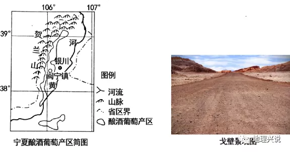 材料一:贺兰山东麓分布着大片的戈壁滩。戈壁滩是沙石混杂堆积体,地表覆盖着砾石,距山体越远砾石越小,砾石磨圆度较高。位于该地区的闽宁镇,在1996年以前曾是荒芜的“干沙滩”。在福建对口帮扶下,从西海固搬迁来的生态移民们根据当地的气候、土壤条件,建立起了葡萄、枸杞及葡萄加工酿造等特色产业,使闽宁镇成为生态移民示范镇。下图为宁夏酿酒葡萄产区简图(左图)及戈壁景观图(右图)。
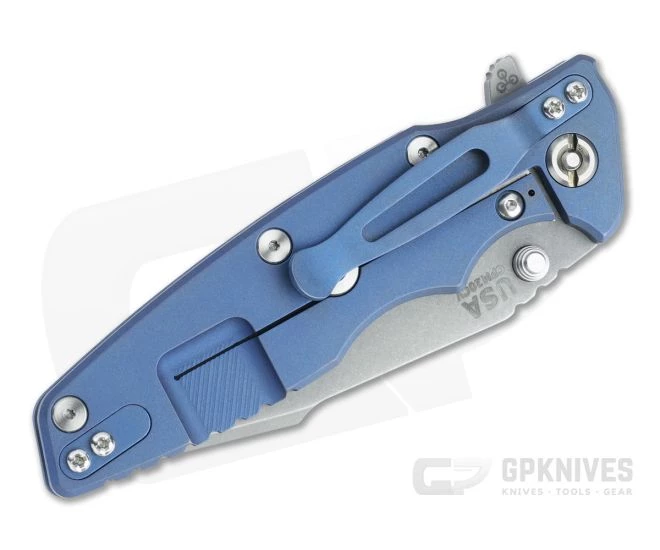 The Hinderer Knives Eklipse is a robust tactical everyday carry folder that offers an ergonomic, streamline handle design that is comfortable for extended use and carry. A +6 mm thick, solid titanium frame paired with the stainless steel lock face equipped titanium frame lock and Hinderer Lock Bar Stabilizer provide a tank like platform capable of handling intense use. The 3.5 Eklipse is comes standard with the innovative Tri-Way pivot system for user customizable operation. This version features a Working Finish 20CV Harpoon Spanto blade, blue G10 scale and Battle Blue frame.
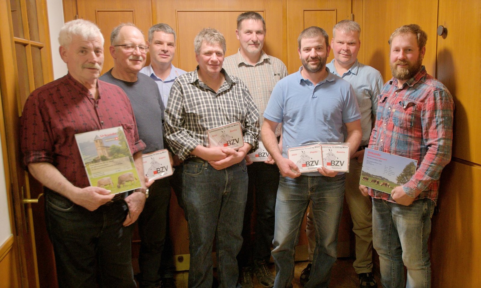 Sieben Züchter konnten für ihre Kühe mit einer Lebensleistung von 70 000 kg Milch mit einer Plakette geehrt werden. Geehrt wurden auch die zwei Milchkontrolleure Franz Flück für zehn und Jürg Mosimann für zwanzig Jahre Milchkontrolleurtätigkeit.
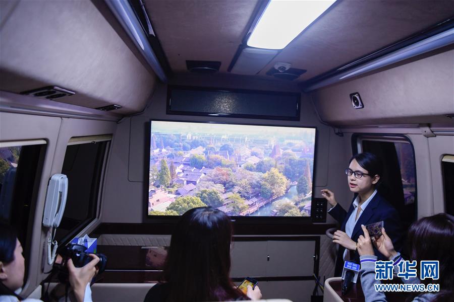 在浙江移動烏鎮(zhèn)分水墩營業(yè)廳外,工作人員在一輛體驗巴士內(nèi)介紹通過5G移動傳輸技術實現(xiàn)的8K高清的視頻畫面實時展示(10月30日攝)。 新華社記者黃宗治攝
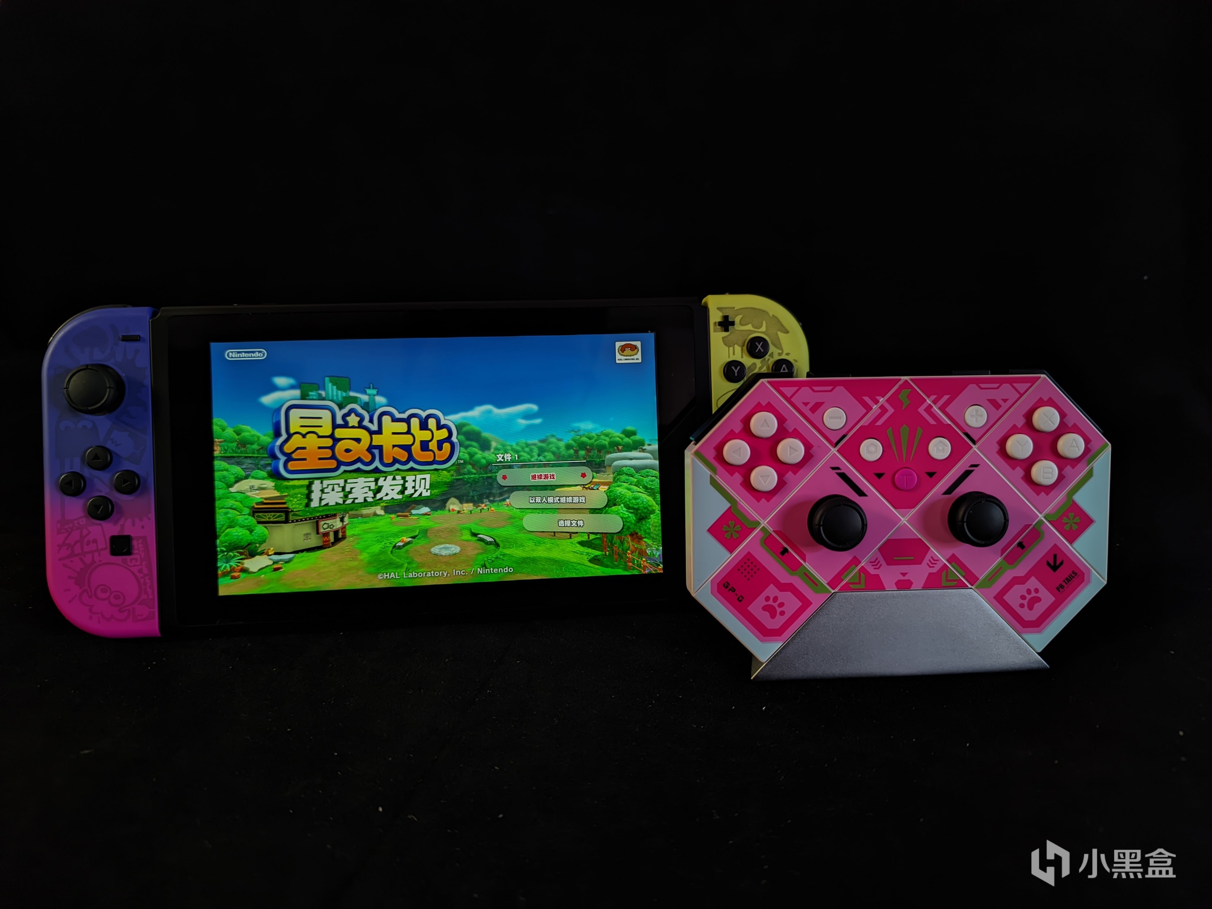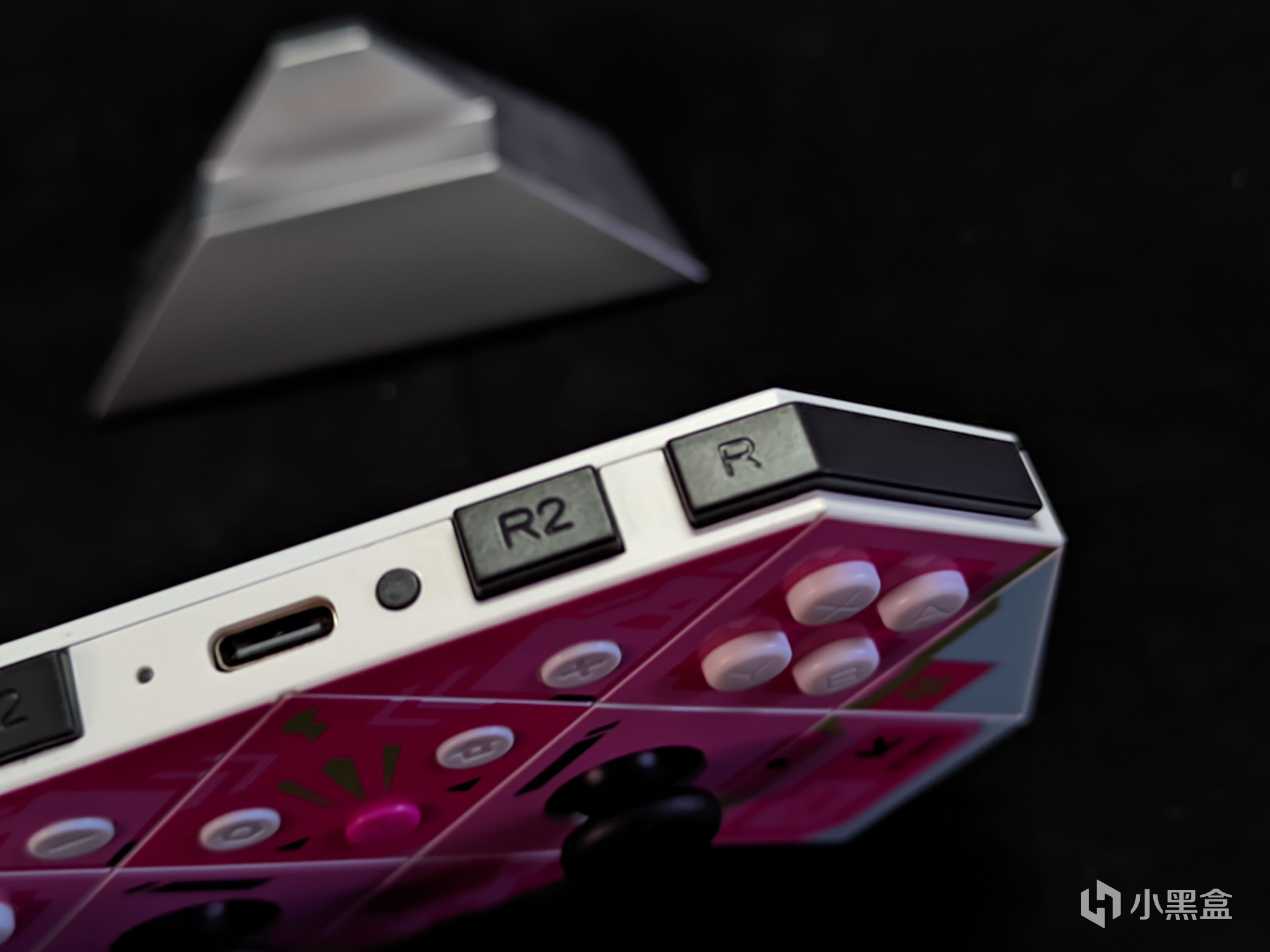 與主流手柄較爲不同的佈局設計主要是在頂部可以體現,左右的肩鍵以及鏈接鍵,指示燈,還有C口的中線是非常規整的在一條直線上的,這個設計我很喜歡,但其本身的適應需要一些時間,但好在並不算難用,至少在我快樂卡比的時候,這個按鍵設計沒對我造成什麼困擾。
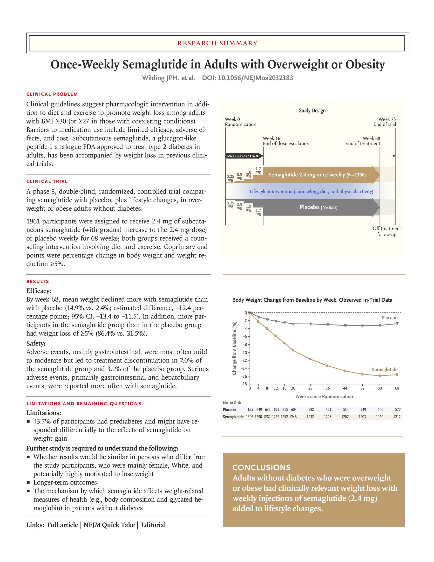 Das Semaglutid-Behandlungsprogramm STEP (Semaglutide Treatment Effect in People with obesity) evaluiert Semaglutid 2.4 mg (ein Glucagon-ähnliches Peptid-1-Analogon) einmal wöchentlich bei Menschen mit Übergewicht oder Fettleibigkeit. Die folgende wissenschaftliche Arbeit hat sich mit den Ergebnissen der Studie auseinandergesetzt:
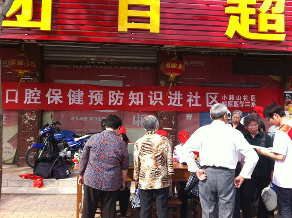 为弘扬雷锋精神,医学三系团委、学生会于4月28日下午在小赭山社区开展了“口腔保健预防知识进社区”活动。
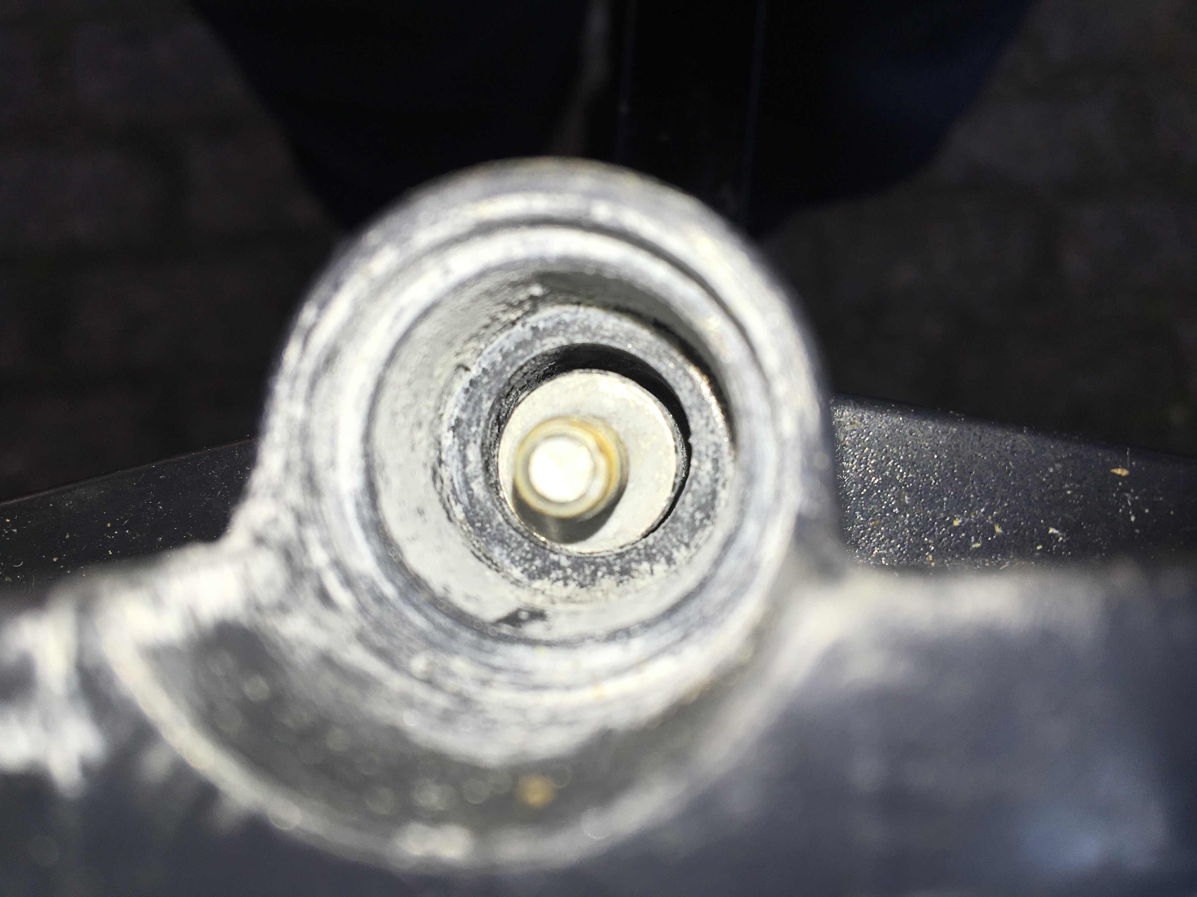 Arm mit Pedalachse : Wie man deutlich erkennen kann ist der schwarze Arm rund um die Edelstahlachse zerfressen.
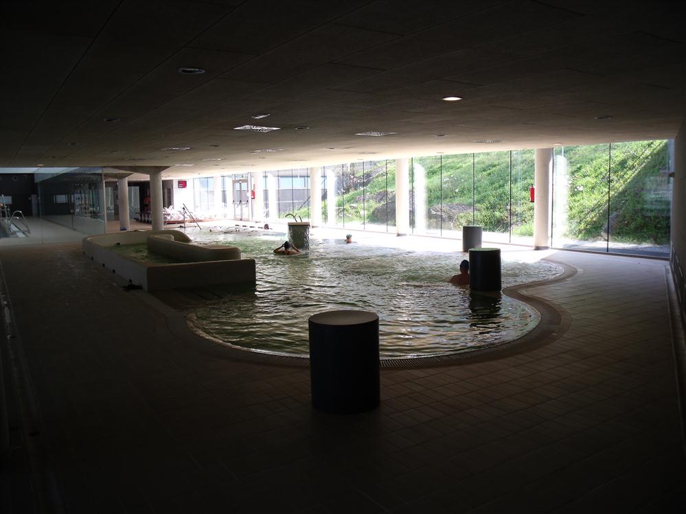 - Hay 68 taquillas en los pasillos comunitarios de los vestuarios de piscina (Además de los existentes en los vestuarios). Hay 74 taquillas más en el espacio de las dos piscinas, junto a los vasos y fuera de los vestuarios. Son comunitarios. Hay un tercer vaso de hidromasaje separado por mampáras traslúcidas fijas. El vaso es destacable en sus dimensiones: 265 m3, profundidad 1,00-1,45 m. Forma irregular de unos 200 m2. Junto al de hidromasaje, un cuarto vaso de agua fría, solo de 4 m3. Profundidad 0-1,50 m.
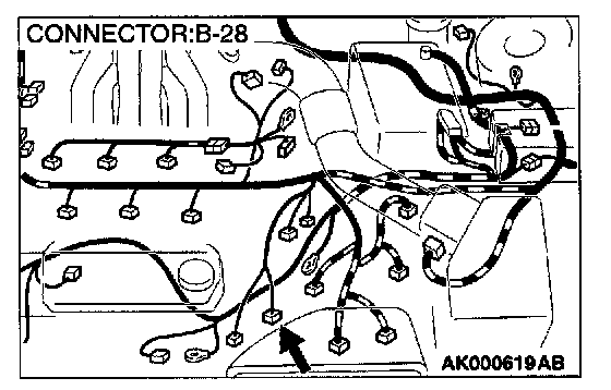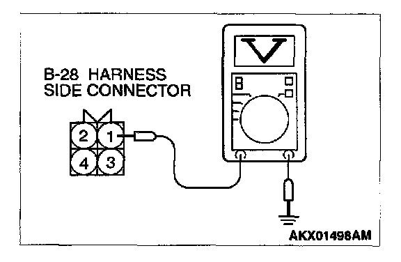 1. Disconnect the connector B-28 and measure at the harness side.
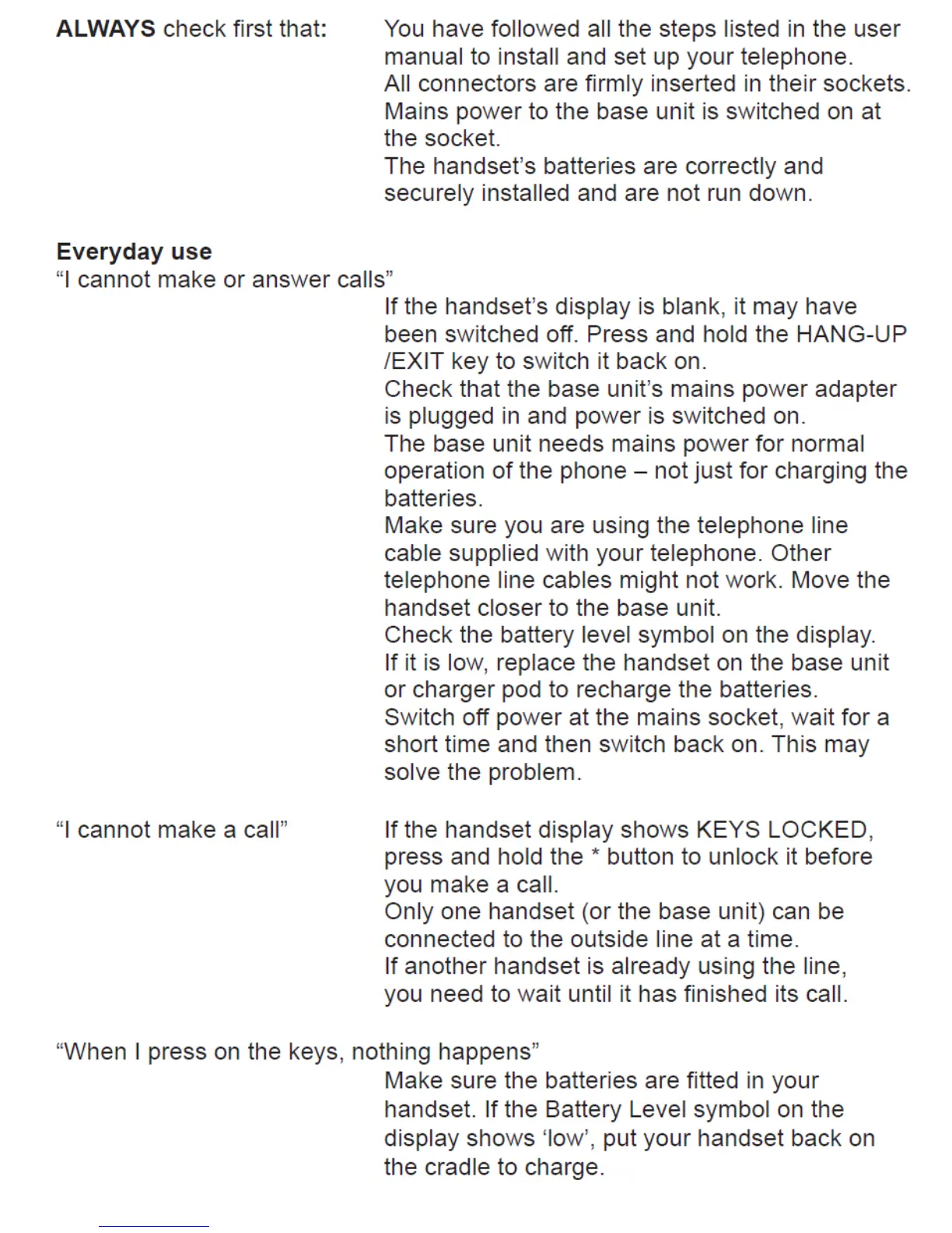 Alcatel Versatis E150 - Everyday Use and Problem Solving; Initial Checks and Cannot Make Calls; Keypad Locked and Line Usage
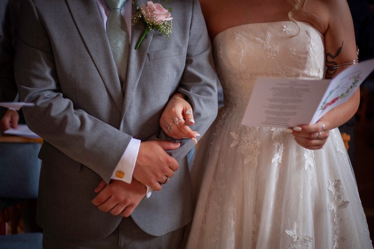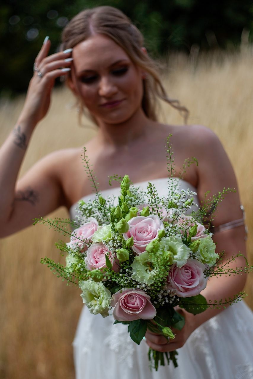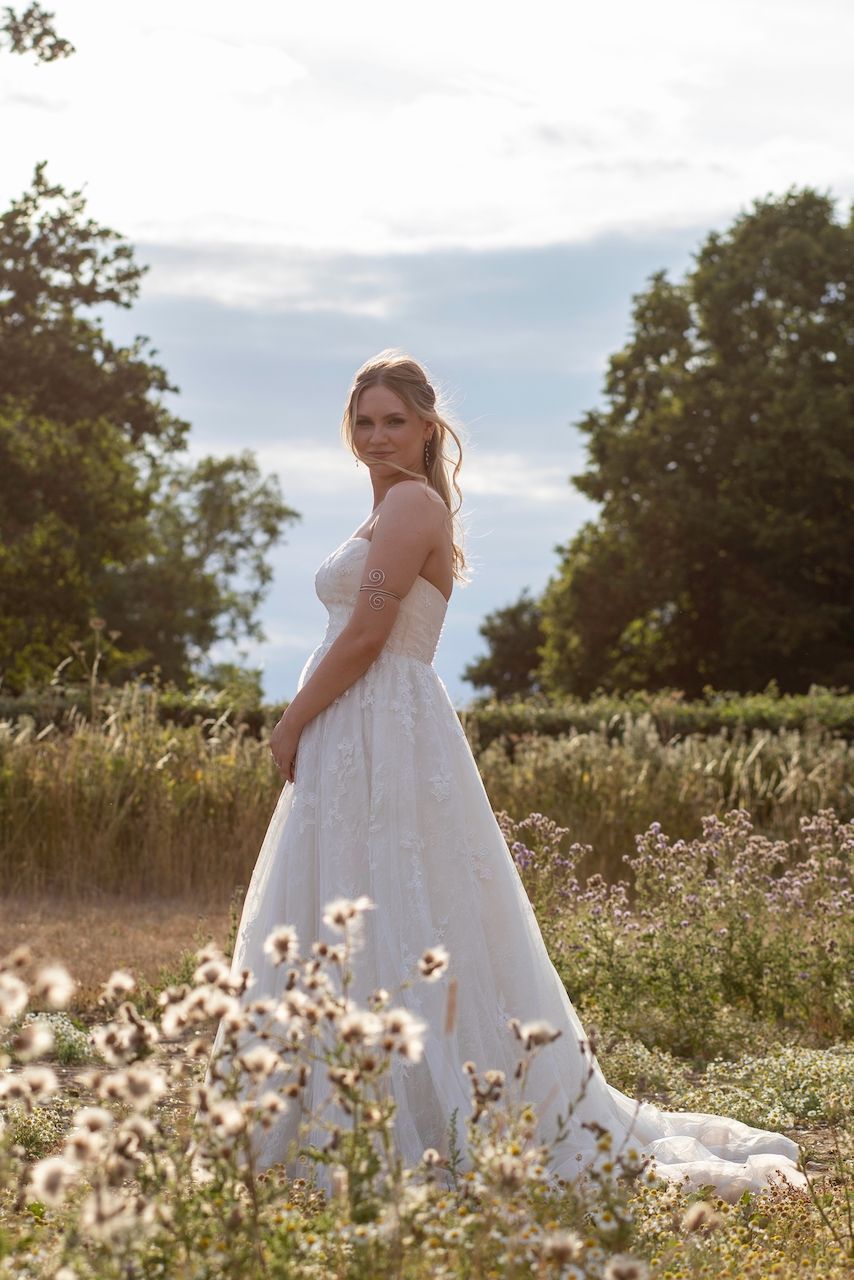 I had a chance meeting with Jodie & James to begin this story, at the time I was hosting a black tie charity ball at Lynford Hall in aid of the St Nicholas Hospice Bury St Edmunds when Jodie introduced herself by my wife who knew her previously from her own charity work. Jodie explained that she was in the midst of planning a very unique affair, a music festival inspired wedding in the nearby village of Weeting. After outlining her vision for the day my face must have been a picture! thankfully I landed the gig of photography. The day of the wedding… The Sun was shining for Jodie, I remember arriving at her parents’ house which was a hive of activity, so many bridesmaids, flowers and wellie boots! When Jodie was ready she looked beautiful, a brilliant white dress and the perfect addition of flowers in the form of a bouquet and a flower crown in her hair, everyone looked very festival chic. Jodies father and James had put months of work into the preparations for the wedding, leading up to and including the morning of. when I arrived at the venue it blew me away, a miniature Glastonbury had indeed been created. Flags fluttered in the breeze and the wedding guests made their way through them to a Tee Pee centre stage surrounded by straw bales. The bridal party arrived together in style on a tractor and trailer. The ceremony was truly magical, and everyone enjoyed the day listening to music surrounded by food vendors and entertainers, The highlight of my day had to be photographing the couple crowd surfing into the sunset.  Here are a few images from an extraordinary day…

[Aim of the task]: Exercise for the records above: copy only the lines from the one with "Das Semaglutid-Behandlungsprogramm STEP" to the one with "Arm mit Pedalachse", both ends kept, and drop the pictures.

[Completed exercise]:
 Das Semaglutid-Behandlungsprogramm STEP (Semaglutide Treatment Effect in People with obesity) evaluiert Semaglutid 2.4 mg (ein Glucagon-ähnliches Peptid-1-Analogon) einmal wöchentlich bei Menschen mit Übergewicht oder Fettleibigkeit. Die folgende wissenschaftliche Arbeit hat sich mit den Ergebnissen der Studie auseinandergesetzt:
 为弘扬雷锋精神,医学三系团委、学生会于4月28日下午在小赭山社区开展了“口腔保健预防知识进社区”活动。
 Arm mit Pedalachse : Wie man deutlich erkennen kann ist der schwarze Arm rund um die Edelstahlachse zerfressen.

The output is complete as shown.